In humans, the TGF-β family is composed of 33 members, encoded by 33 different genes, including the TGF-βs, activins, nodal, bone morphogenetic proteins, and growth and differentiation factors (2123). Of these secreted cytokines, three different isoforms of TGF-βs have been identified in mammals: TGF-β1, -β2, and -β3. TGF-β isoforms are secreted as latent precursor molecules, requiring activation into a mature form for receptor binding.
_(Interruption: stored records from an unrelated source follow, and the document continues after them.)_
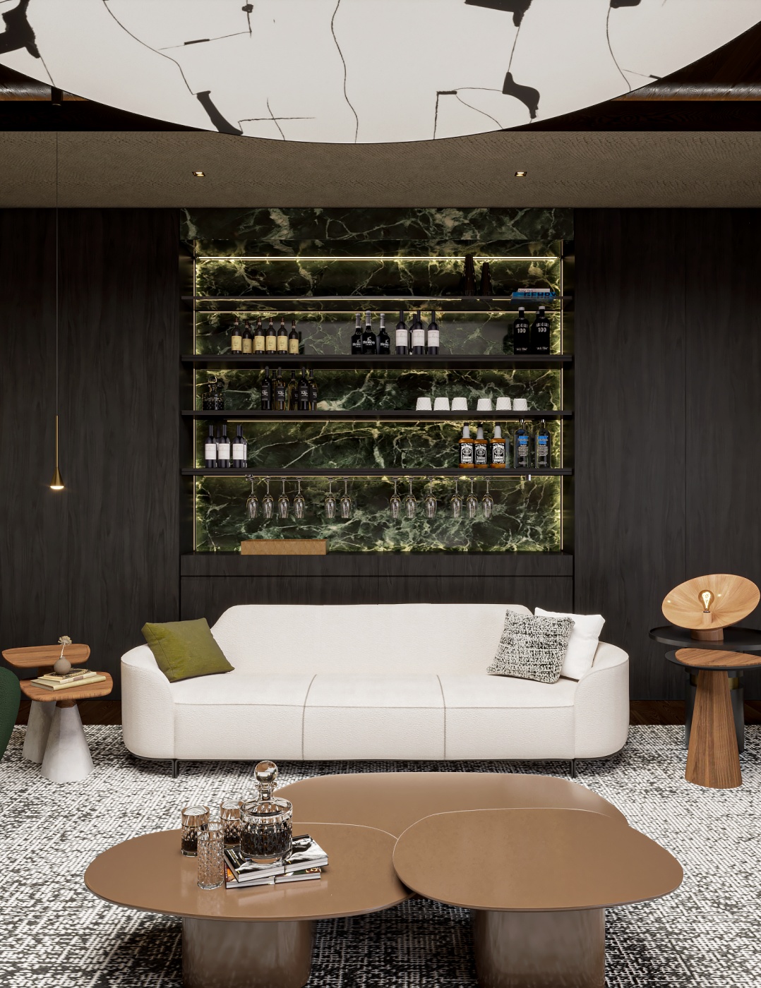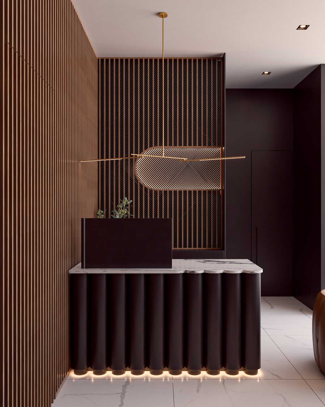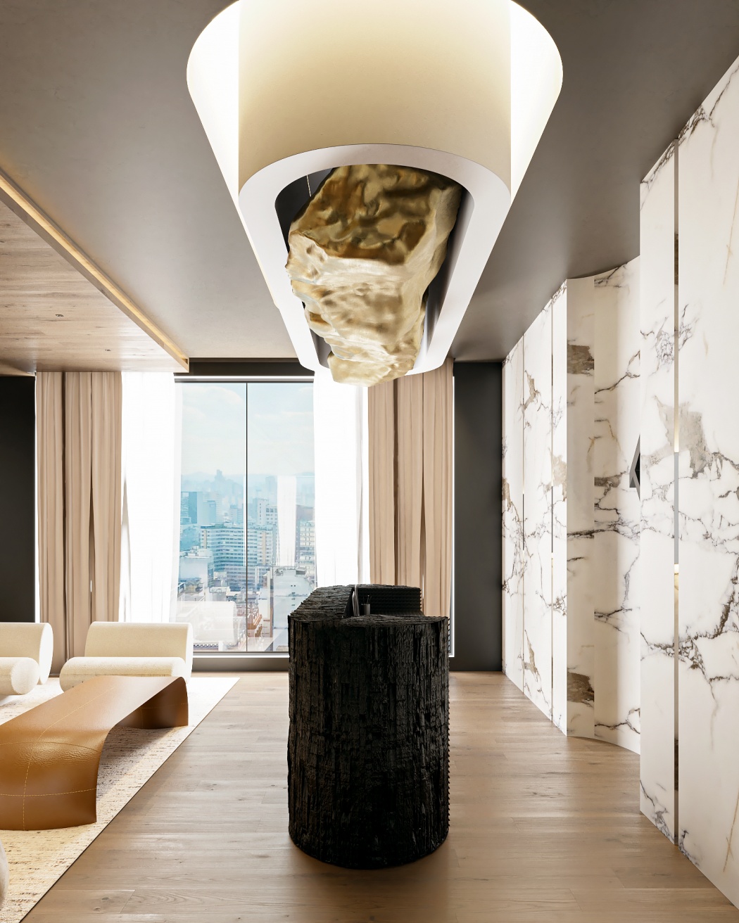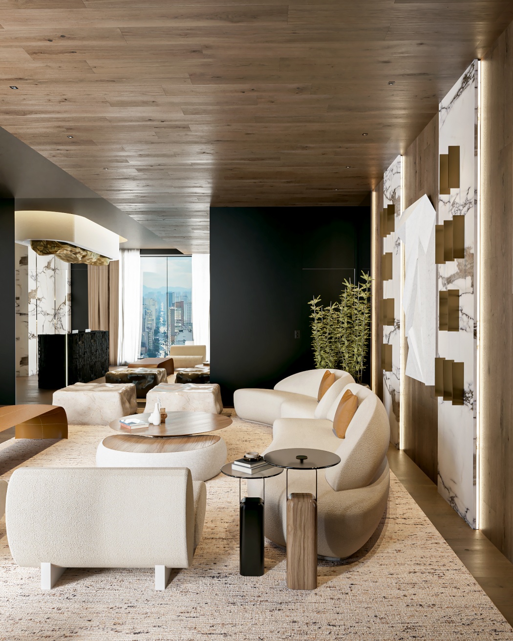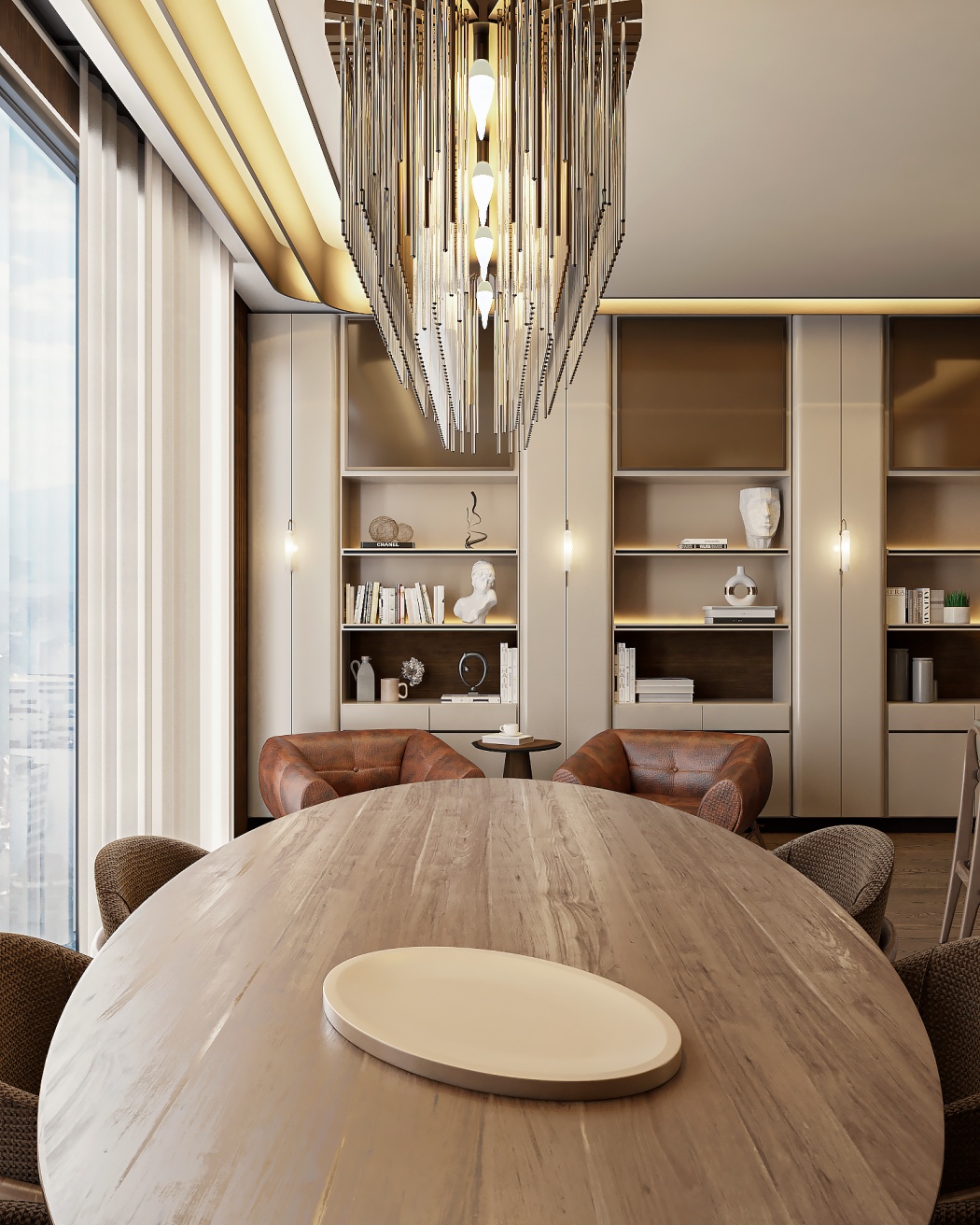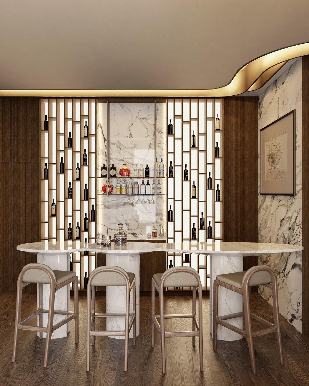 Esta elegante sala de reunião, onde o refinamento é a essência do ambiente. O bar em mármore brilha com sofisticação, proporcionando um ponto focal impressionante. Detalhes em tons marrons, presentes em móveis e elementos decorativos, acrescentam uma nota de aconchego e seriedade ao espaço. Poltronas de couro, dispostas estrategicamente, conferem um toque de luxo e conforto, criando um ambiente propício para discussões e decisões importantes.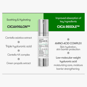 VT Cica Reedle Shot 100 Essence features 95,000 micro Cica Reedles, designed to penetrate deep into the skin for targeted care. These microneedles, smaller than pores, deliver active ingredients like Centella Asiatica Extract and small-molecule Hyaluronic Acid directly to the skin, boosting absorption and enhancing results. Perfect for sensitive skin, it moisturizes, protects, and revitalizes while providing gentle stimulation for optimal efficacy.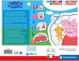 Igračka je namijenjena djeci od 2 godine kako bi sigurno upoznala svijet slagalica uz pomoć svojih omiljenih likova iz Pepine obitelji. Ovo pakiranje sadrži četiri različite slagalice s rastućom složenošću, od 3 do 12 dijelova.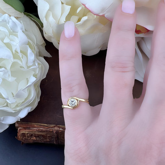 Elegante anello solitario vintage realizzato a Birmingham nel 1985, in oro giallo 9 carati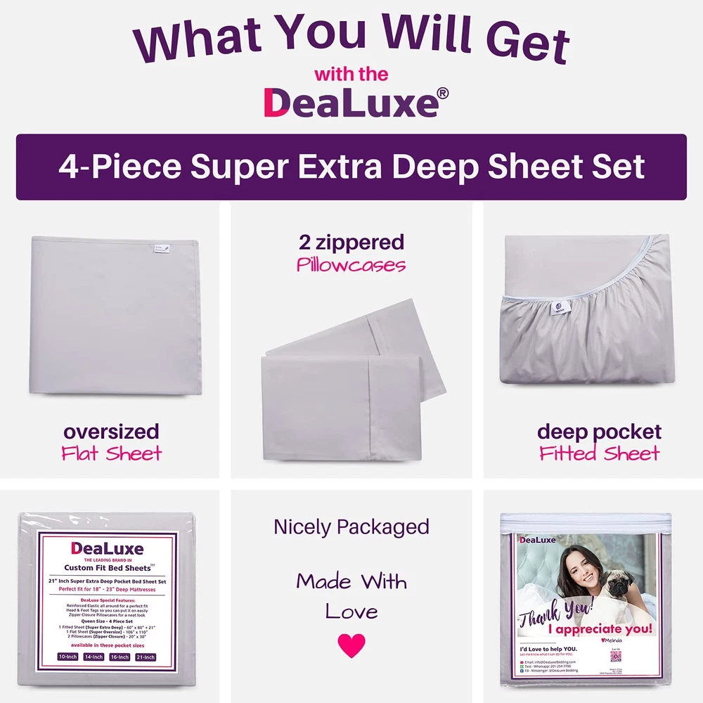 This is your perfect real 16” Extra Deep Queen Size 4-Piece Bed Sheet Set. Each and every piece with the best details. Queen Size: 16” Fitted Sheet 60” X 80” + 16”, Oversized Flat Sheet W 102” X L 108”, 2 Zipper Closure Pillowcases 20” X 30”. Designed and tested in the USA by our bedding experts for comfort, durability, easy care and style. Revolutionary real super oversized flat sheets for your high profile mattress up to 18”. What does real super oversized flat sheets mean for you? Well, the problem with all the other sheets sets on is that it has a regular flat sheet, and they will not cover your high-profile mattress. Our custom-fit flat sheets are different they are designed to cover your high profile 18” mattress they will hang over 21” on each side and neatly cover your high profile mattress on all sides. Real 16” extra deep pocket fitted sheets perfect for your 14”-18” inch mattress. What’s the difference between 14”sheets and 16” Deep Pocket Sheets? 14” Regular fitted sheets are made for mattress up to 16” only, vs these 16” Deep Sheets will fit a mattress from 14” up to 18” making it the perfect choice for high profile pillow-top mattresses, the more fabric there is, the better it will hold all night long for a neat look and cozy feel, made for your ultimate pleasure and comfort. 2 Zipper Closure Pillowcases. What does this mean for you? Most bed sheets sets and pillow cases on come with flap closure pillow cases that are is flimsy, messy and annoying. Our Pillow Cases are different, featuring a special zipper closure, no more distress with messy, flimsy flap closures pillowcases. Now you can look forward to resting your head on a neat, cozy and comfy pillow case. Get some peace of mind. Sleep in a cloud with these lush and super soft pillowcases. Made for you to enjoy hassle free Perfect Fit for 14”–18” Pillow Top Mattress with minimal care. Machine washable 16” Inch Deep Pocket Sheets, tumble dry low, remove promptly, no ironing needed. free, stain and fade resistant.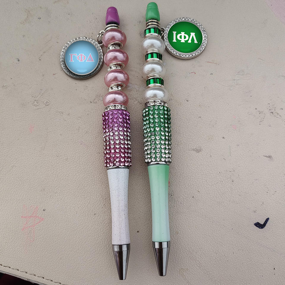 14.5cm de longueur perle stylo à bille avec Gamma Phi Delta Crest Logo Iota Phi Lambda gros bricolage perles caractère pour la fabrication de stylos
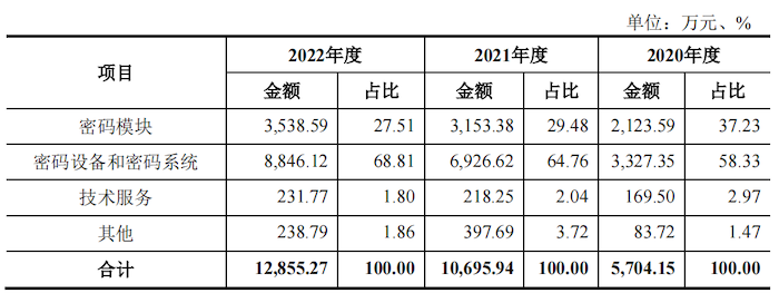 界面新闻记者注意到,2020年至2022年渔翁信息的产品销售以向集成商销售为主,占比分别为95.35%、99.07%、91.24%。其中,公司向项目集成商销售的产品以密码设备和密码系统为主,向零部件集成商销售的产品以密码模块为主。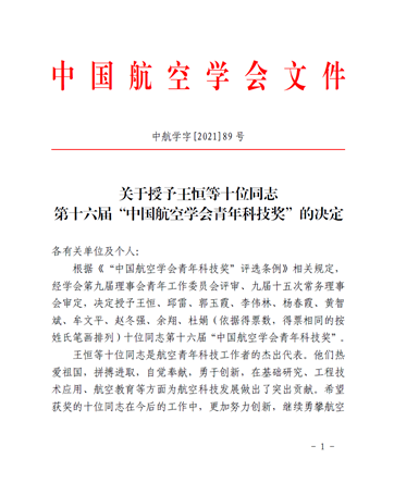 2021年11月3日,中国航空学会正式公布《关于授予王恒等十位同志第十六届“中国航空学会青年科技奖”的决定》文件,动漫疯
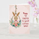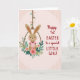 This card features a sweet, human-like rabbit 🐰 with soft brown fur, long upright ears, and gentle eyes that seem to linger warmly on the viewer. It sits nestled inside a rustic circular wreath, held like a natural swing, giving the scene a cozy, close-to-you feel. The rabbit wears a pink-and-white striped outfit, and its rosy cheeks add a shy, affectionate touch, like it’s waiting for a friendly hug. Around it, pastel pink flowers and leafy green sprigs form a ring that frames the figure like a floral embrace 🌷. The circle appears to hang from a braided, rope-like stem decorated with tiny multicolored leaf shapes that trail upward. The background is blush pink with a subtle texture and faint geometric lines that add depth without pulling attention away. On the right side, a celebratory message is set in warm red lettering, with a larger flowing line above and a smaller, simpler line beneath it. The wreath’s blossoms are pale pink, the foliage is soft green, and the rope detail is tan with little leaf accents in mixed gentle colors.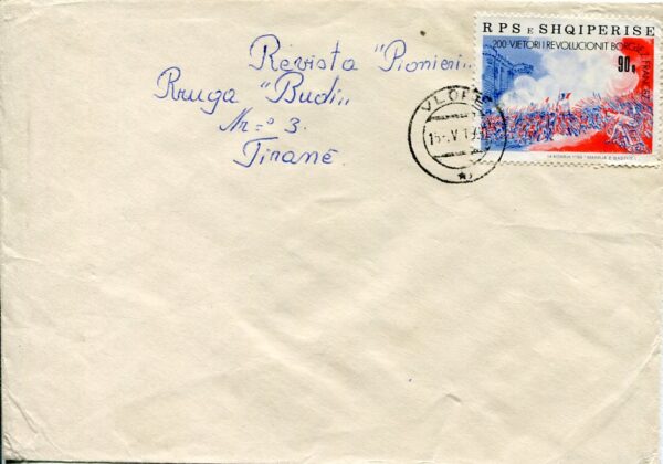 Albania: 1990 cover to Tirana franked with 90q Bicentenary of French Revolution commemorative tied by Vlore datestamp. Sg. 2422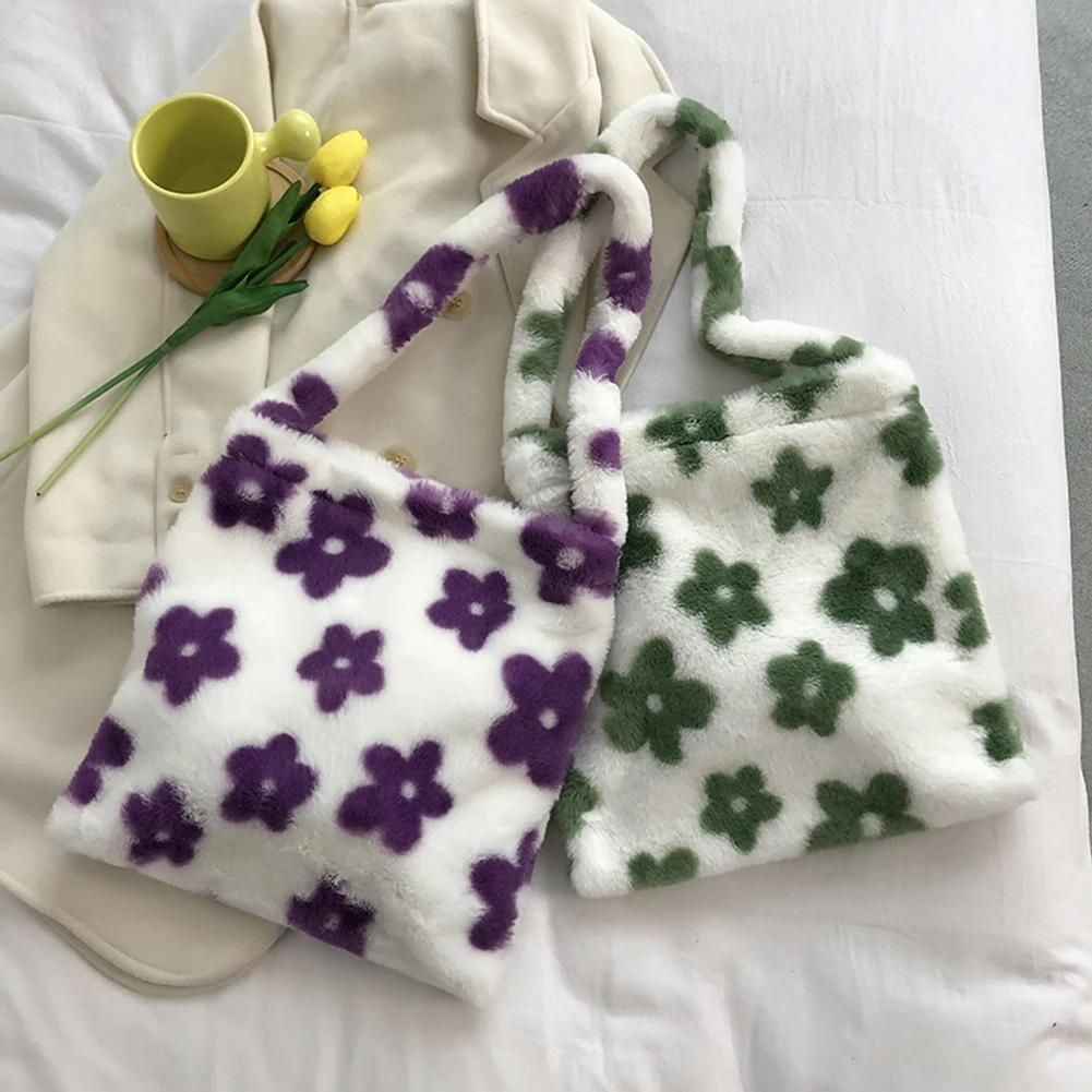 Women Cute Shoulder Bags Fluffy Flower Crossbody Bags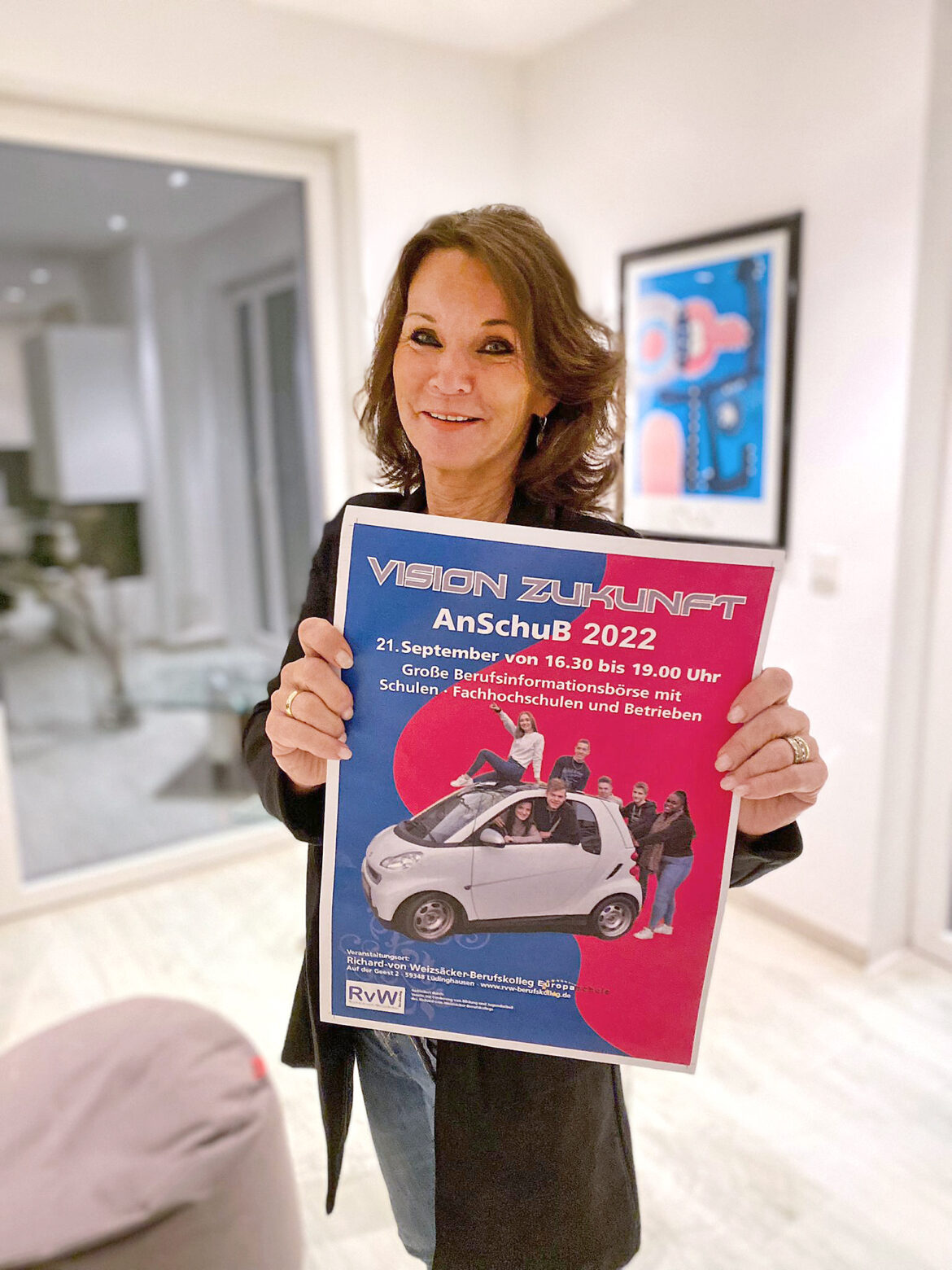 „Wir sehen es als wichtige Aufgabe an, junge Menschen, die kurz vor dem Einstieg in das Berufsleben stehen, über ihre Ausbildungsmöglichkeiten in unserer Region zu informieren“, erklärt Gabriele Kortenhorn, die organisierende Lehrerin der Schule. „Wir bringen auf der ,AnSchuB‘ potenzielle Auszubildende mit den Betrieben aus der Region zusammen. Wir wünschen allen Teilnehmerinnen und Teilnehmern bei der Suche nach ihrem Wunschausbildungsplatz viel Erfolg!“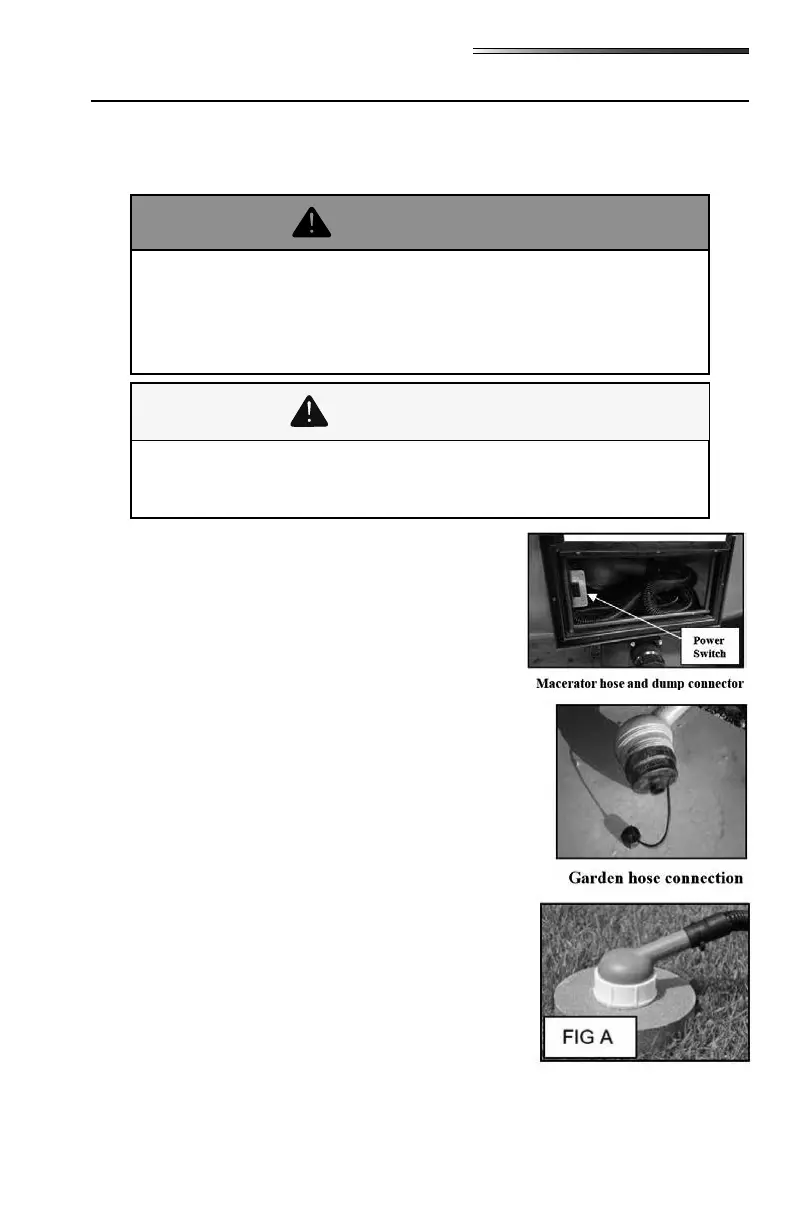 the dump station (Fig A), or to a 3/4-inch garden hose and

Many activators of latent TGF-βs have been described in the last few decades, including integrins, proteases such as MT1-matrix metalloproteinase (MMP) or others MMPs, and physicochemical factors such as detergents, and ionizing and ultraviolet radiation (22, 2426). Once activated, TGF-β dimers signal from the membrane to the nucleus by binding to two heteromeric cell surface serine/threonine kinase receptors, named type I (TβRI) and type II (TβRII) receptors. Ligand binding induces the assembly of two TβRI and two TβRII receptors into a heterotetrameric complex in which TβRII phosphorylates a specific serine residue of TβRI and in turn activates the serine/theronine kinase of TβRI (2729).

Transforming growth factor-βs thus activate the Smads cascade (Figure 2), known as the canonical TGF-β signaling pathway. Briefly, receptor-regulated Smads (R-Smads), including Smad2 and Smad3, are phosphorylated and activated by TβRI. Activated R-Smads then dissociate from the Smad anchor for receptor activation protein (30) and recruit the common-mediator Smad (co-Smad), Smad4. This protein complex is translocated into the nucleus to regulate target gene expression. At the regulatory DNA binding sequence of genes, the R-Smad/co-Smad complex activates transcription through physical interaction and functional cooperation of DNA-binding Smads with sequence-specific transcription factors (29). The minimal Smad-binding element contains four base pairs, 5′-AGAC-3′, but binding to other G/C-rich sequences has also been reported (31). Interaction between the R-Smad/co-Smad complex and other transcription factors (either co-activators or co-repressors) generates a high-affinity protein-DNA complex to regulate gene expression. Several inhibitory mechanisms regulate the TGF-β signaling cascade. Of them, Smad7, induced by TGF-β (32), competes with R-Smads for binding to activated TβRI and thus inhibits R-Smad phosphorylation. Smad7 also has the ability to recruit E3-ubiquitin ligases (Smurf1 and Smurf2) to activate TβRI, resulting in receptor degradation (33, 34). Moreover, Smad7 may recruit protein phosphatases to the receptor complex, resulting in its inactivation (35).

Figure 2.

Figure 2

The transforming growth factor-β (TGF-β)/Smad signaling pathway. TGF-β dimers bind to two TβRII receptors that induce the assembly of two TβRI and two TβRII receptors into a heterotetrameric complex in which TβRII phosphorylates and activates TβRI. Smad3 (S3) is then phosphorylated and activated by TβRI. Activated S3 dissociates from the Smad anchor for receptor activation protein (SARA) and recruits Smad4 (S4). This protein complex is translocated into the nucleus to regulate target gene expression in association with cofactors (Co-F) and/or p300. Smad7 (S7) recruits E3-ubiquitin ligases (Smurf1 and Smurf2) to activate TRβI, resulting in receptor degradation.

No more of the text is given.